(Dataset excerpts)
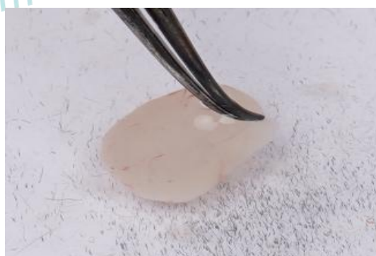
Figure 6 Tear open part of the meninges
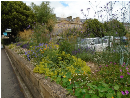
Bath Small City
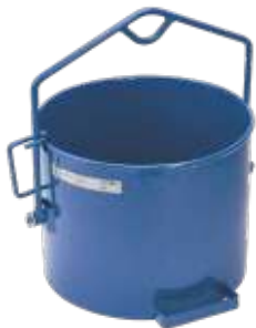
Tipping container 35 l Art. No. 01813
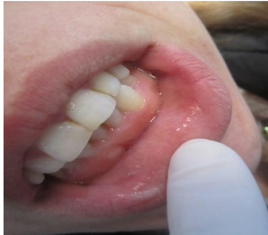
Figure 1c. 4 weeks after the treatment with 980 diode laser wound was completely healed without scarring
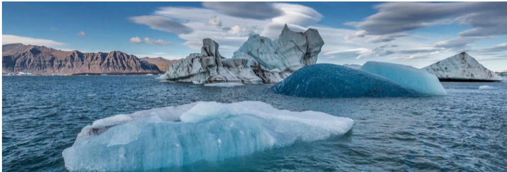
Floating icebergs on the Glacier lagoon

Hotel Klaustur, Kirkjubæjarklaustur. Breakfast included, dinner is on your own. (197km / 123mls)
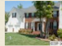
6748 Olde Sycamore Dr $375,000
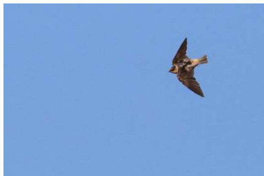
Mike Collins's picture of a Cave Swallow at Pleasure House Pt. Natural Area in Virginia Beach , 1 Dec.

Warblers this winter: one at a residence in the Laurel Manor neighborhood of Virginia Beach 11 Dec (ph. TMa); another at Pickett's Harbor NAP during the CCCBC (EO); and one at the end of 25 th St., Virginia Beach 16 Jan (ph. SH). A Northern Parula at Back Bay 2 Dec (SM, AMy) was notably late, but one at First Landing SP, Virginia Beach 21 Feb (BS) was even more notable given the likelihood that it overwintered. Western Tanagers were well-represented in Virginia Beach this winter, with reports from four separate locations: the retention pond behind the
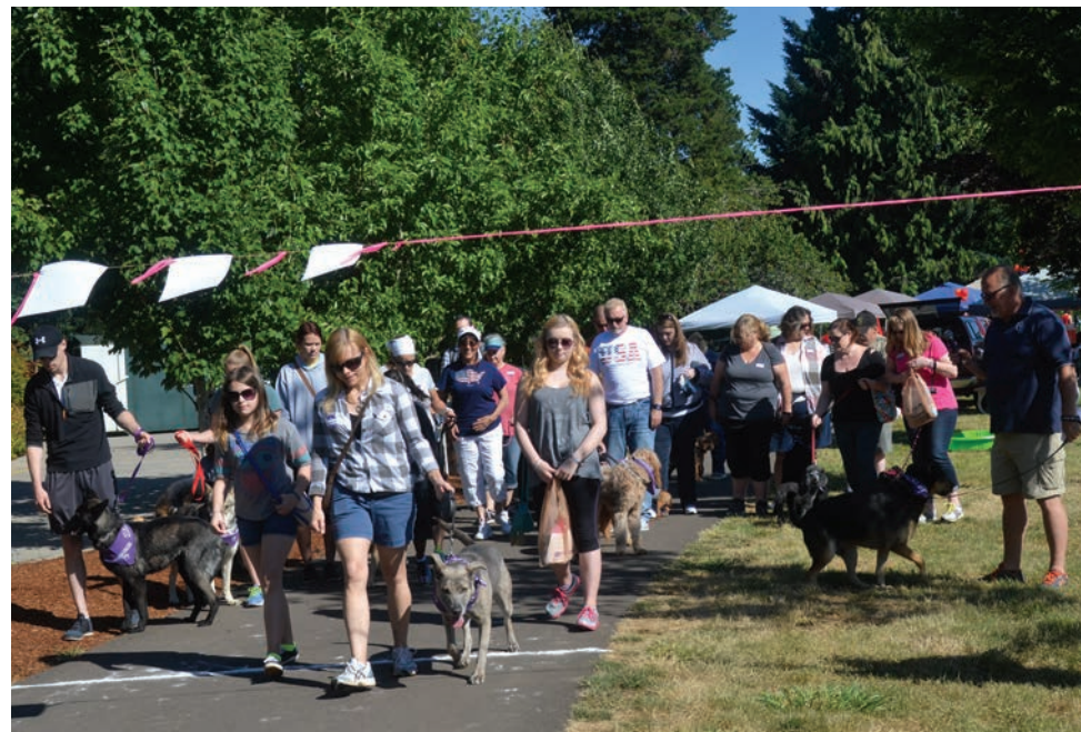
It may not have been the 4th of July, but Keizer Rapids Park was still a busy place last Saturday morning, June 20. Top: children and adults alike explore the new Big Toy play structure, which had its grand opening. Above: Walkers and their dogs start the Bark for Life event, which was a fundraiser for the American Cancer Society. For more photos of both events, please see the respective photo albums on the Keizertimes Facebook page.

* [DIRECTIONS]:
The entries above are to be copied exactly, with every picture left out.

* [EXPECTED ANSWER]:
Figure 6 Tear open part of the meninges
Bath Small City
Tipping container 35 l Art. No. 01813
Figure 1c. 4 weeks after the treatment with 980 diode laser wound was completely healed without scarring
Floating icebergs on the Glacier lagoon

Hotel Klaustur, Kirkjubæjarklaustur. Breakfast included, dinner is on your own. (197km / 123mls)
6748 Olde Sycamore Dr $375,000
Mike Collins's picture of a Cave Swallow at Pleasure House Pt. Natural Area in Virginia Beach , 1 Dec.

Warblers this winter: one at a residence in the Laurel Manor neighborhood of Virginia Beach 11 Dec (ph. TMa); another at Pickett's Harbor NAP during the CCCBC (EO); and one at the end of 25 th St., Virginia Beach 16 Jan (ph. SH). A Northern Parula at Back Bay 2 Dec (SM, AMy) was notably late, but one at First Landing SP, Virginia Beach 21 Feb (BS) was even more notable given the likelihood that it overwintered. Western Tanagers were well-represented in Virginia Beach this winter, with reports from four separate locations: the retention pond behind the
It may not have been the 4th of July, but Keizer Rapids Park was still a busy place last Saturday morning, June 20. Top: children and adults alike explore the new Big Toy play structure, which had its grand opening. Above: Walkers and their dogs start the Bark for Life event, which was a fundraiser for the American Cancer Society. For more photos of both events, please see the respective photo albums on the Keizertimes Facebook page.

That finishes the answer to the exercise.